• Items listed in a dataset:

****

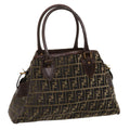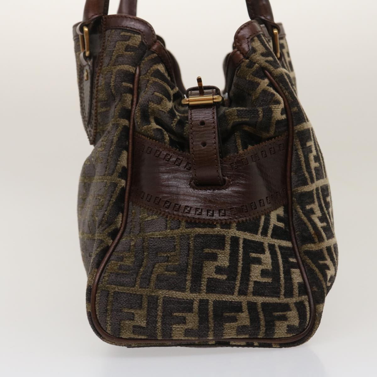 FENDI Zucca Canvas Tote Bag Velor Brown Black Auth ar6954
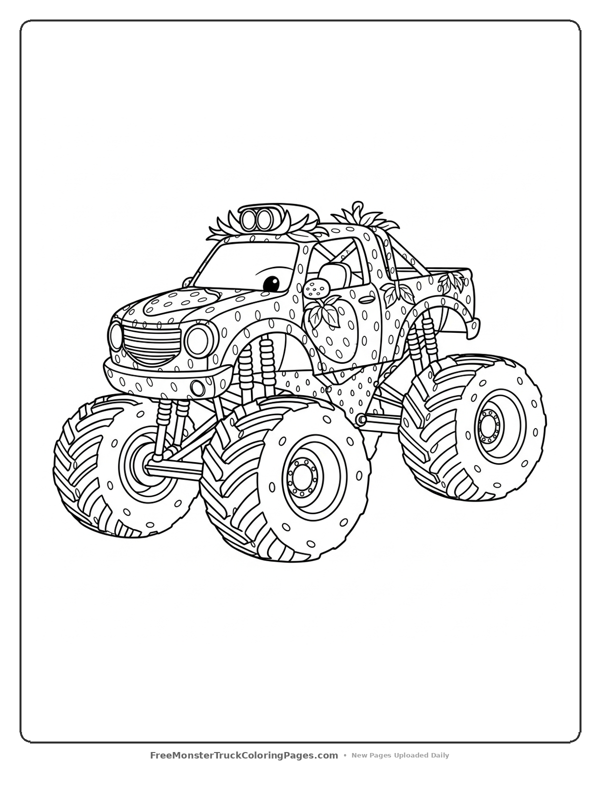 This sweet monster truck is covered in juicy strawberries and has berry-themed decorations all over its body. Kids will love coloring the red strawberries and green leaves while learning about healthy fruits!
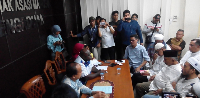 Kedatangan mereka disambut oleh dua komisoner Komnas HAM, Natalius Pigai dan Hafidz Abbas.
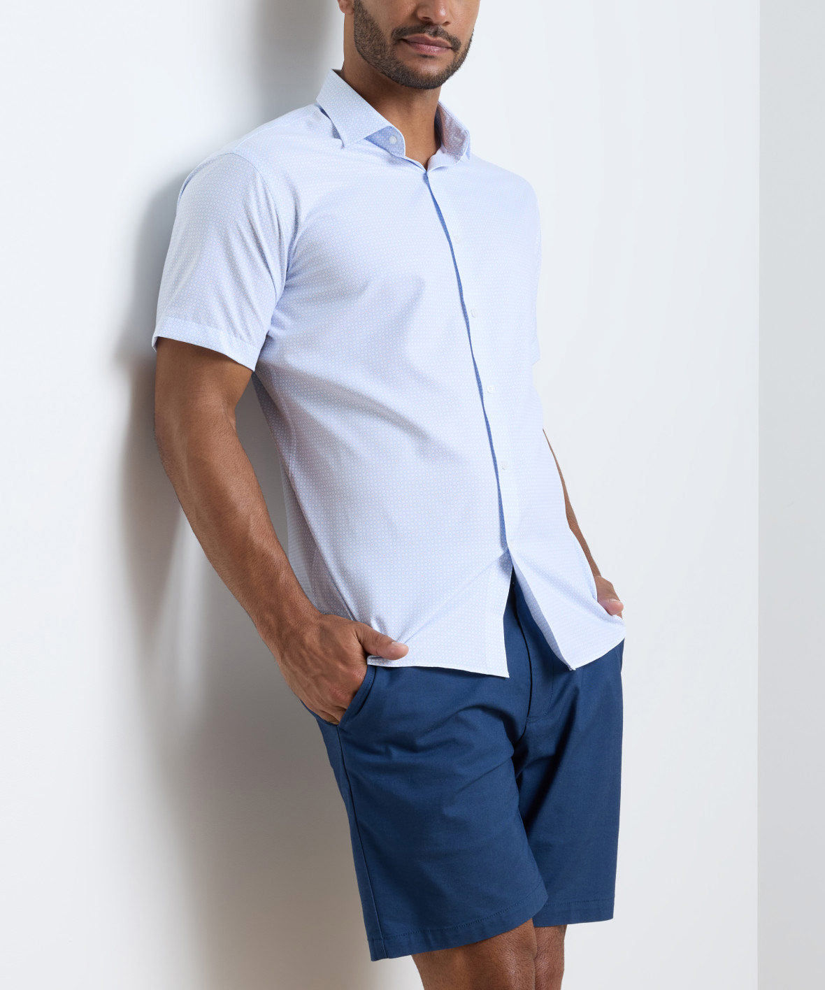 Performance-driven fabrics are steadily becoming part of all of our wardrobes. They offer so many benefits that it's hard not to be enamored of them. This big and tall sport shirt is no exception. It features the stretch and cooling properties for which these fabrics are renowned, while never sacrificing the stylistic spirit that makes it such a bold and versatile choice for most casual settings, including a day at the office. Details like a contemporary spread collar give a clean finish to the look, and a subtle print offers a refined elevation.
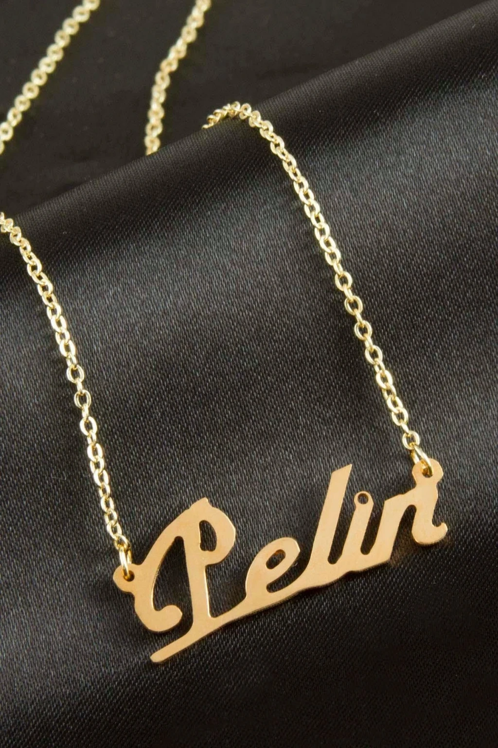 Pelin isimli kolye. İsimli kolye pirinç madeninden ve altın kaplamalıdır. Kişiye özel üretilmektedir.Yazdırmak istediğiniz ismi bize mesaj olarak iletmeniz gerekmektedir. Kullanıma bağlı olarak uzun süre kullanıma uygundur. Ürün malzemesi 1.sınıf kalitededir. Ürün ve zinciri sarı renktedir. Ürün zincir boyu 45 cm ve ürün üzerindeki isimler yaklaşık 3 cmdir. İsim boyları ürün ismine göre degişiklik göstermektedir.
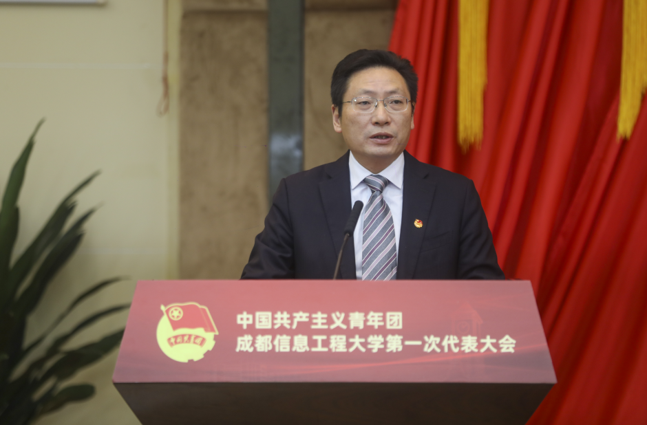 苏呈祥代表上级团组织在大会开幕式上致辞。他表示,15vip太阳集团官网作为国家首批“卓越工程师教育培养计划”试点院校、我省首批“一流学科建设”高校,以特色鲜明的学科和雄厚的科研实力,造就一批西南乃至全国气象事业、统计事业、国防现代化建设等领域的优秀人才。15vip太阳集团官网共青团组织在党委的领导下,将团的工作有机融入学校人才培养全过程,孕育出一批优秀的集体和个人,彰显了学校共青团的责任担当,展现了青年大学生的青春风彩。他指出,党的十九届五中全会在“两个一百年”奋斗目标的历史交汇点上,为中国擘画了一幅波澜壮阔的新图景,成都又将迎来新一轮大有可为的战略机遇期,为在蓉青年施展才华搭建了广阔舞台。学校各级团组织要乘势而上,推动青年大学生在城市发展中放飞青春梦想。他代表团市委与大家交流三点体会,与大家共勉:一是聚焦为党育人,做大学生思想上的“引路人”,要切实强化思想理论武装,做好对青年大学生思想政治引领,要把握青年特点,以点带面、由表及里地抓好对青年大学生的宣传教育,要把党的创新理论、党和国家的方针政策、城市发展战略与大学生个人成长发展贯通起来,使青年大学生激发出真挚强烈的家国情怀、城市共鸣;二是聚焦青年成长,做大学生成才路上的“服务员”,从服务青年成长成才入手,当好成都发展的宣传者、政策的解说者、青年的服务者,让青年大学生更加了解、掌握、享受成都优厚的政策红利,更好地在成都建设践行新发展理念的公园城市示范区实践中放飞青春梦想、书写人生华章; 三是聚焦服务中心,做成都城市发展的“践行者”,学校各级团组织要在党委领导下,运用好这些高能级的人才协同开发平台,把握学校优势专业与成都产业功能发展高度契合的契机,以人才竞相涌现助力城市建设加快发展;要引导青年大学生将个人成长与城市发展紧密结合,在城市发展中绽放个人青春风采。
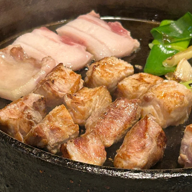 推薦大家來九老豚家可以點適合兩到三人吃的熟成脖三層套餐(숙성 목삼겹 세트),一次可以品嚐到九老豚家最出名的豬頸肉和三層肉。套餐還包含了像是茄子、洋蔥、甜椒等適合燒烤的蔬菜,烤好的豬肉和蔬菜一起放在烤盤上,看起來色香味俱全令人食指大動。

****

• REQUIRED ACTION:
Only the lines above starting with the line with "Kedatangan mereka disambut" and going on through the line with "Pelin isimli kolye." belong in the answer; repeat them exactly, minus any picture.

• RESPONSE:
 Kedatangan mereka disambut oleh dua komisoner Komnas HAM, Natalius Pigai dan Hafidz Abbas.
 Performance-driven fabrics are steadily becoming part of all of our wardrobes. They offer so many benefits that it's hard not to be enamored of them. This big and tall sport shirt is no exception. It features the stretch and cooling properties for which these fabrics are renowned, while never sacrificing the stylistic spirit that makes it such a bold and versatile choice for most casual settings, including a day at the office. Details like a contemporary spread collar give a clean finish to the look, and a subtle print offers a refined elevation.
 Pelin isimli kolye. İsimli kolye pirinç madeninden ve altın kaplamalıdır. Kişiye özel üretilmektedir.Yazdırmak istediğiniz ismi bize mesaj olarak iletmeniz gerekmektedir. Kullanıma bağlı olarak uzun süre kullanıma uygundur. Ürün malzemesi 1.sınıf kalitededir. Ürün ve zinciri sarı renktedir. Ürün zincir boyu 45 cm ve ürün üzerindeki isimler yaklaşık 3 cmdir. İsim boyları ürün ismine göre degişiklik göstermektedir.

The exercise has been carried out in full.